Кая держала в руках нераскрытую записку и смотрела в округлившиеся глаза напарника. Сейчас хотелось выдохнуть как можно сильнее. Выдохнуть перед последним, решающим рывком, будто от силы дыхания зависело все на этом свете.
– Что ты имеешь в виду?
– Нолан, подумай. Неужели Кост не смотрел запись с камер? Отключение одной – просто незаметная деталь. А вот подложить записку под нее… Уже более значимая. Но он не знал о записках, оба дня. Любая другая камера на этой улице покажет, что невидимка задержался. Что наш Выключатель сделал хоть что-то. А у Коста были лишь догадки, пустые предположения для профилактического запугивания.
– Ты же не хочешь сказать…
– Сколько раз Выключатель попадал в сеть камер?
– Дважды.
– И ни одна другая камера не записала, как он подсовывал записки. А сколько раз система глючила и выдавала неопознанную личность за последние сто лет? Сколько раз был сбой сети?
– Сотни…
– Это очередной сбой. Случайность, – сказала Форг как отрезала. Как лишила надежды. Как лишила религии, в которую так хотелось верить людям еще тысячу лет назад.
– Его никогда не было?.. – Вид напарника был жалок. Он снова раздавлен, лишен азарта, что придавал ему жизни в эти пару дней.
– Гребаные уставы! – выругалась Кая. – Нолан, думай. Думай лучше!!!
– Записки всегда здесь были? Но ведь загадки шли по номерам! – Он ухватился за соломинку. – Мы находили их в нужном порядке!
– Первая – 121-я линия. Вторая – 234-я. Третья, – она сверилась с картой, – 355-я. Порядок линий, Нолан! Один, два, три… четыре?
Вдали взревели моты. Кост и его команда приближались.
Кая и Нолан оседлали свой мот. След от их тормозного пути все еще дымился, когда они уже скрылись за десяток линий от погони.
– Форг, это безумие! – Он вновь пытался перекричать порыв ветра. Но его руки больше не сжимали напарницу с таким страхом. – Что в последней записке?
– Попробуешь догадаться? – Кая улыбнулась, хотя знала, что он не увидит.
– Что-то про систему.
– «Кто хочет жить на вершине?»
Браслеты разорвались воем. Всплывшая голограмма заслонила обзор. Красным светилась вся карта. Абсолютно все камеры в городе были выключены.
У Выключателя не было сообщников. Он – это лазейка самой системы. Ее багнутый код.
– Я живу на 489-й линии, – прошептала-предложила Кая. Нолан не мог ее услышать, но все равно кивнул.
Дорога будто опустела. С исчезновением красного огонька не могли исчезнуть люди. Но Кая их больше не видела. Город сошел с ума?

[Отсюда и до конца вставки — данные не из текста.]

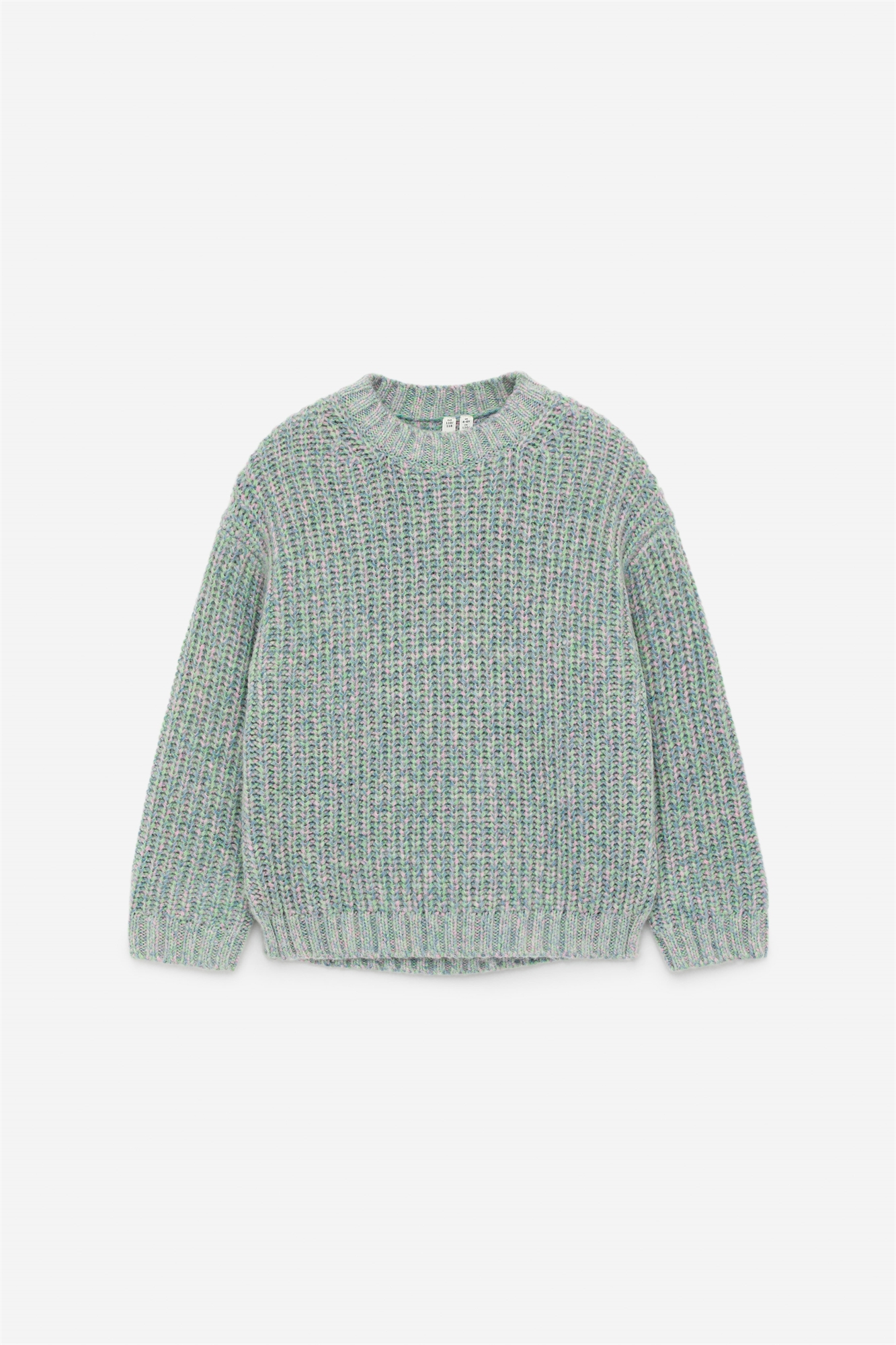 Вязаный джемпер из смеси шерсти и хлопка, окрашенной в космические цвета. Свободный крой и ребристая отделка. Разрезы по бокам. Этот джемпер содержит 45% шерсти RWS, сертифицированной контрольным союзом 815571. Продукция, сертифицированная по стандарту ответственной шерсти (RWS), содержит шерстяное волокно с ферм, прошедших независимую сертификацию на соответствие требованиям по благополучию животных и землепользованию.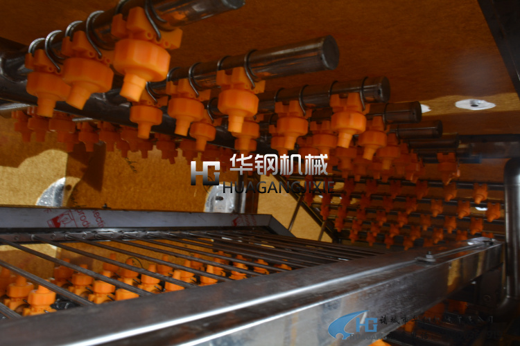 3.設(shè)備帶有高壓噴淋裝置,在清洗結(jié)束后輸送至下道工序過程中,對產(chǎn)品進行二次氣泡清洗,可加入臭氧殺 菌裝置,延長產(chǎn)品的保質(zhì)期;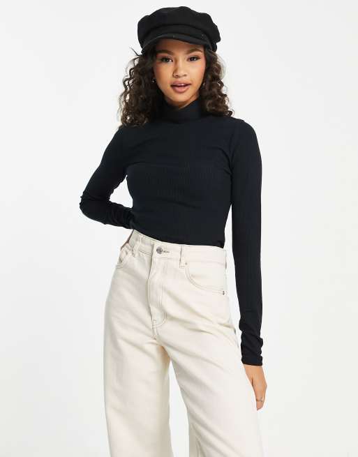 Abercrombie & Fitch – Svart, långärmad topp med hög krage
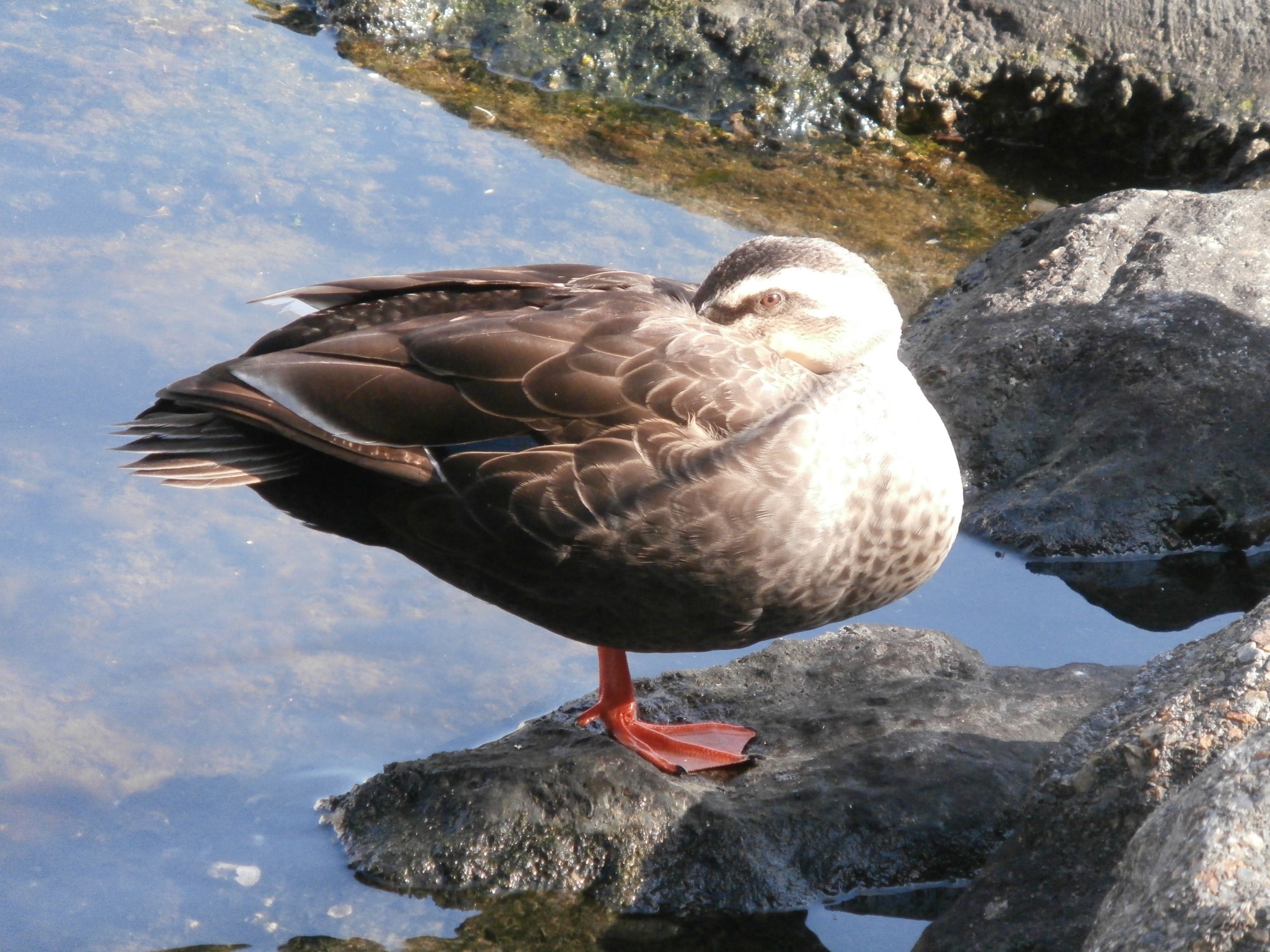 眠りの体制に入りながらも、撮影しようと近付く私に一瞬警戒心を持った鴨さんのこの眼光~☆彡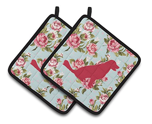 Caroline's Treasures BB1076-RS-BU-PTHD Labrador Shabby Chic Blue Roses Pot Holders (1 Pair), 7.5" x 7.5", Multicolor
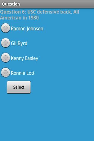 College Football History and Statistics ist eine Quizformatanwendung, um Ihr Wissen über NCAA College Football History zu testen. Der Benutzer kann zwischen 10, 25 oder 100 Fragen und einem einfachen oder Standard -Schwierigkeitsgrad auswählen. Bei Fragen geht es um Spielrekorde, Saisonrekorde, großartige Auftritte, Spitznamen und mehr.

В пропасть! В гнилую смрадную пропасть! Сейчас имела значения лишь одна камера на углу дома 489-й линии. И под ней была…
– Карта, – выдохнула Кая.
Одна маленькая пластиковая карта, спрятанная в каждой камере 400-й линии. С допуском.
– На вершину горы, – закончил за нее Нолан, уже распахивая дверь небоскреба. Огромные стеклянные врата, столь приевшиеся Кае. Которые она видела каждый день, такие же, как в каждом доме этого города.

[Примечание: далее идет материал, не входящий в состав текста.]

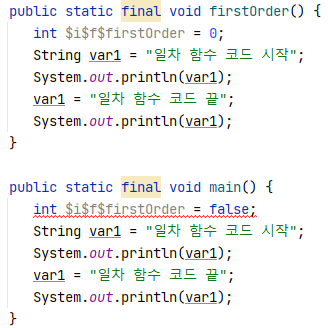 firstOrder함수를 호출하지 않고, firstOrder 함수 코드 전체가 main함수의 내부에 추가되었다.
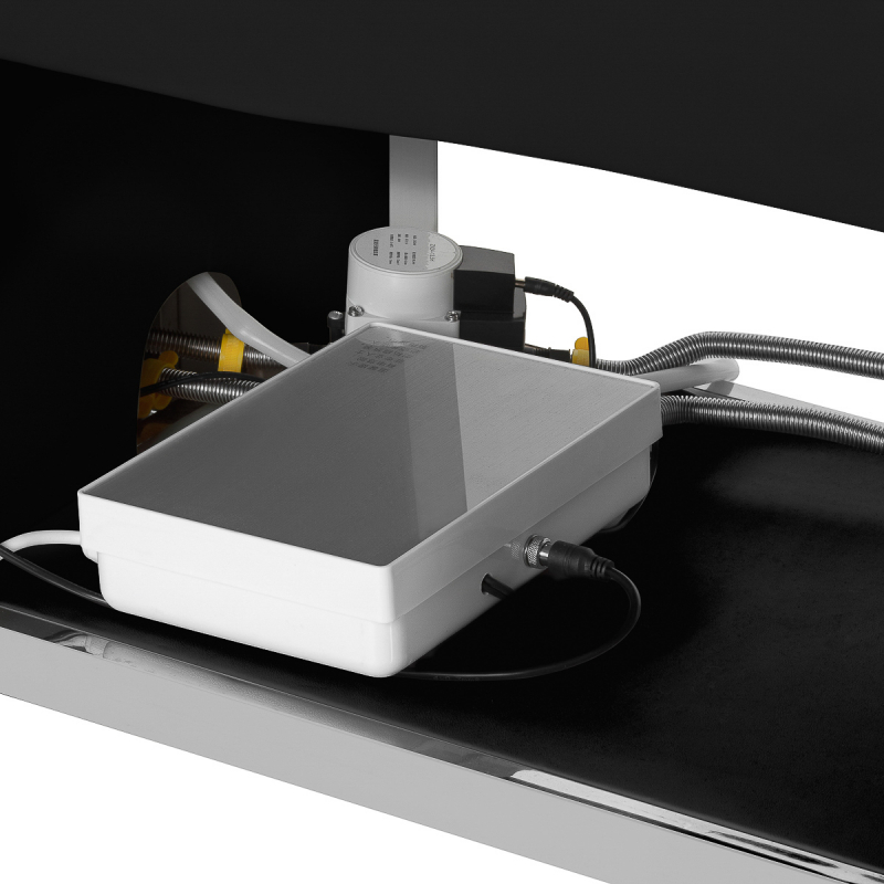HEAD SPA 017 är en unik kombination av schamponering och massagebänk som är särskilt utformad för avancerade behandlingar där vattenmassage och ångterapi samverkar för att skapa en holistisk upplevelse av avslappning och återhämtning. Den djupa, vita keramiska skålen och gummerat nackstöd med justerbar vinkel ger en optimal hårtvättsupplevelse. Massagebänken är ergonomiskt utformad med slitstarkt skum och konstläder för korrekt kroppsstöd under behandlingar. En kudde med hål för ansiktet gör den idealisk även för massage och ansiktsbehandlingar. Förvaringsutrymmet för handdukar och tillbehör hjälper till att hålla arbetsplatsen organiserad.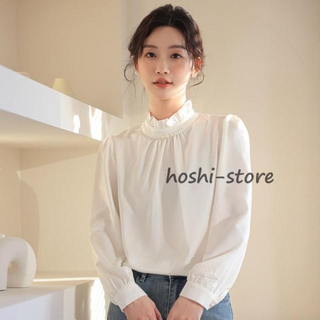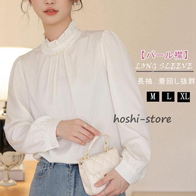 パール付き ブラウス レディース パール フォーマル トップス シャツ ハイネック 長袖 ギャザー ハイネックブラウス レディースブラウス 長袖ブラウス 入学式 卒業式 発表会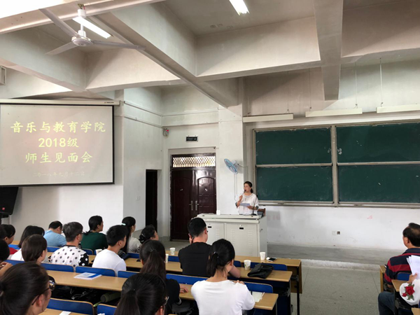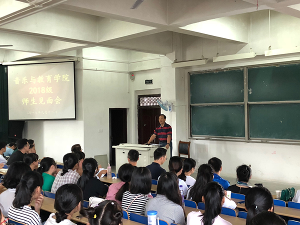 9月12日上午,音乐与教育学院2018级新生见面会于博弈楼一楼阶梯大教室顺利举行。党总支书记程绪彪、院长吴小贻、副院长曾晓红、院长助理黄国萍出席见面会。各专业教师携全体18级新生参加。见面会由程绪彪主持。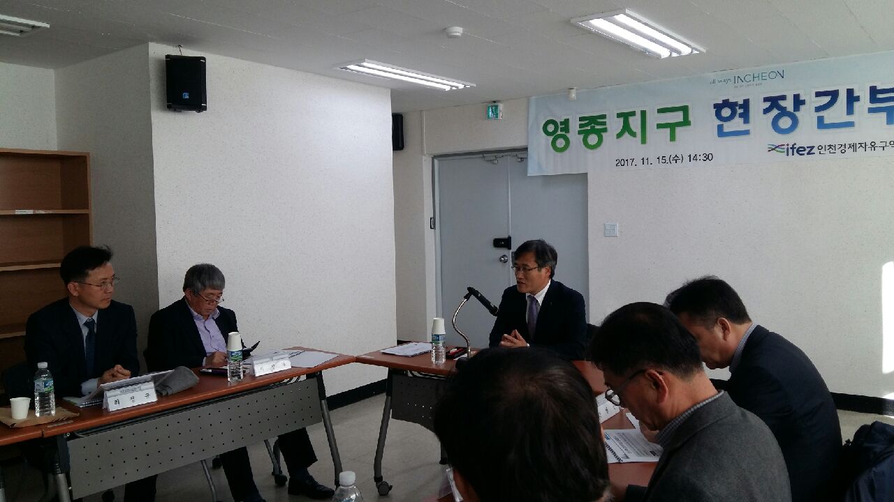 김진용 인천경제자유구역청장 15일 중구청 영종용유지원단 청사에서 경제청 과장 이상이 참석하는 영종지구 현장 간부회의를 개최하고 영종 주민들과의 대화시간도 가졌다.

Лифт подъезжал слишком медленно. Еще медленней, чем в утренней очереди. Лифт никуда не спешил, всего лишь механизм отлаженной системы, он совершенно не проникался важностью момента.
Нолан сжал руку Каи в каком-то неосознанном порыве. Они должны были увидеть небожителей, глупо объясниться и посветить жетонами Отдела. Придумать несуразную сказку о цели своего визита. Помечтать, что больше ни один безопасник не достанет подобного ключа. И что-то выяснить.

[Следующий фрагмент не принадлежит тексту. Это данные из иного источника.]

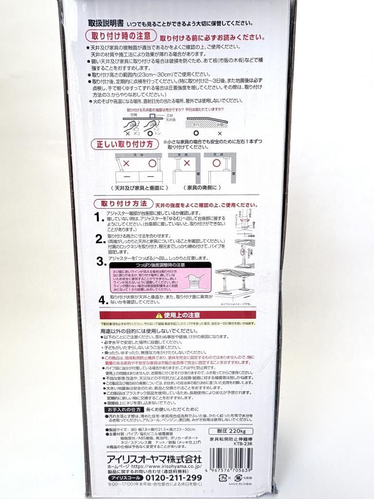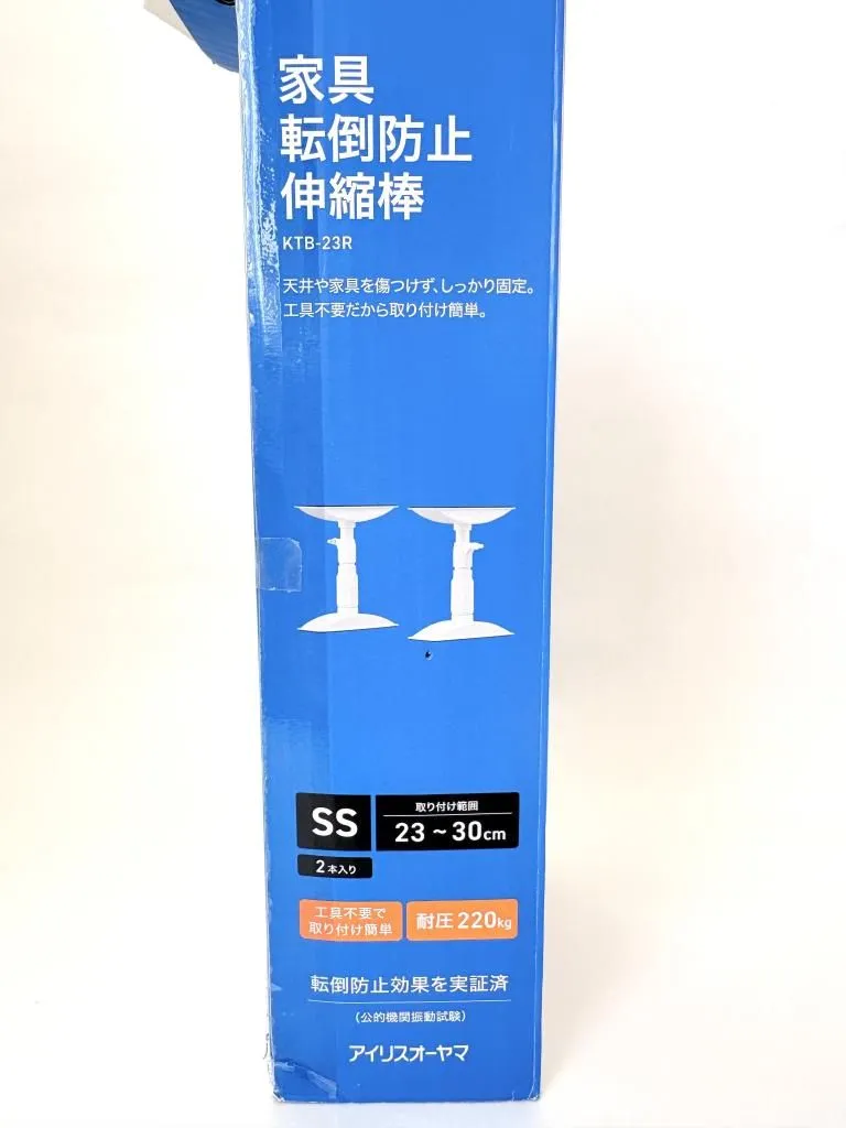 アイリスオーヤマの、地震による家具の転倒を防止する伸縮棒(つっぱり棒)です。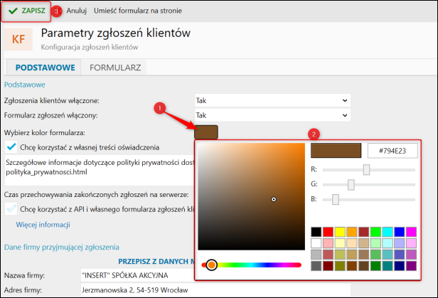 2. W sekcji Wybierz kolor formularza kliknąć zakolorowany prostokąt i wybrać preferowany odcień.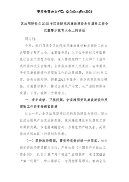 【七哥公文】2025年:区法院院长在2025年区法院党风廉政建设和反腐败工作会议暨警示教育大会上的讲话+更多免费公文+VX:QiGeGongWen2024+更多免费公文+VX:QiGeGongWen2024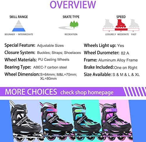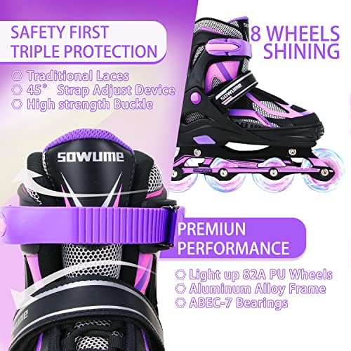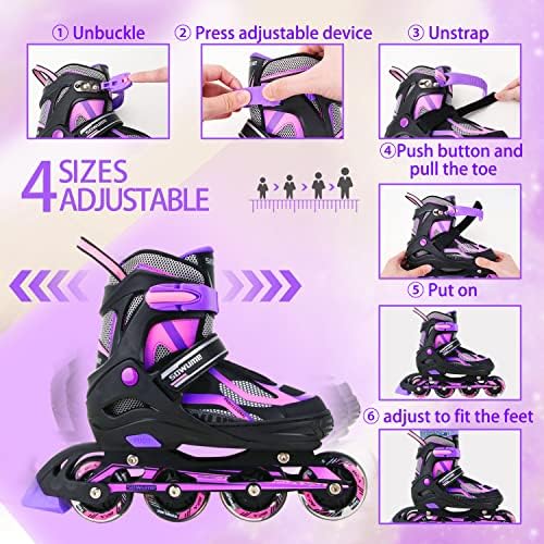 Sowume Adjustable Inline Skates for Girls and Boys, Roller Skates with All Light Up Wheels, Patines para Mujer for Kids and Adults, Men, Women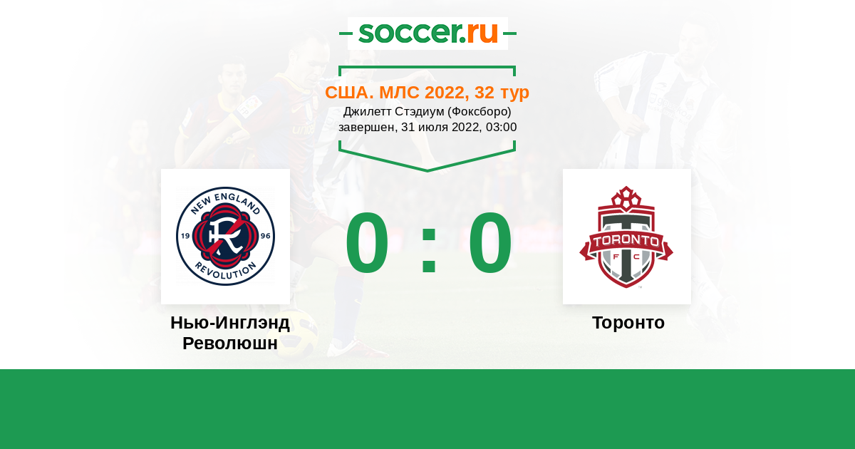 Протокол матча Нью-Инглэнд Революшн против Торонто

Плевать. Они впервые увидят солнце, а что там хотел серийный Выключатель или баг системы – будет вторично. Солнце…
Когда дверь сверкающего лифта начала закрываться, чтобы унести их наверх, Нолан даже улыбнулся. И сжал руку сильнее, так, что побелели костяшки пальцев.
И все было настолько странно, бешено, непривычно, что даже почти хорошо.
Пока чужая рука не остановила двери, не дав им сойтись последние сантиметры.
– Собрались отдохнуть? – неприятный голос резанул по ушам не хуже гимна.
Кост. Его приветливая улыбка превратилась в гадкий оскал. Оскал победителя.
– Меня забыли на праздник прихватить.
Лифт снова раскрыл двери и замер на первом этаже.
– Проваливай, – процедил Нолан. Но как-то слишком глупо, растерянно. С затаенной годами обидой за отобранную в детстве игрушку. Кост лишь рассмеялся в ответ.
– Ты как всегда. Пытаешься скрыть от меня тайну в картонном домике. Но твоего скудного умишки не хватает на такой подвиг.
Его своры сусликов не было рядом. Конечно, когда Кост хотел, он был самым быстрым и сильным. И штатное оружие больше не скрывалось в кобуре под форменным черным пиджаком.
– Что ты здесь забыл?
– Маячок, мой недалекий брат. Отключены камеры, но не маячок. – Он кивнул на браслет Нолана.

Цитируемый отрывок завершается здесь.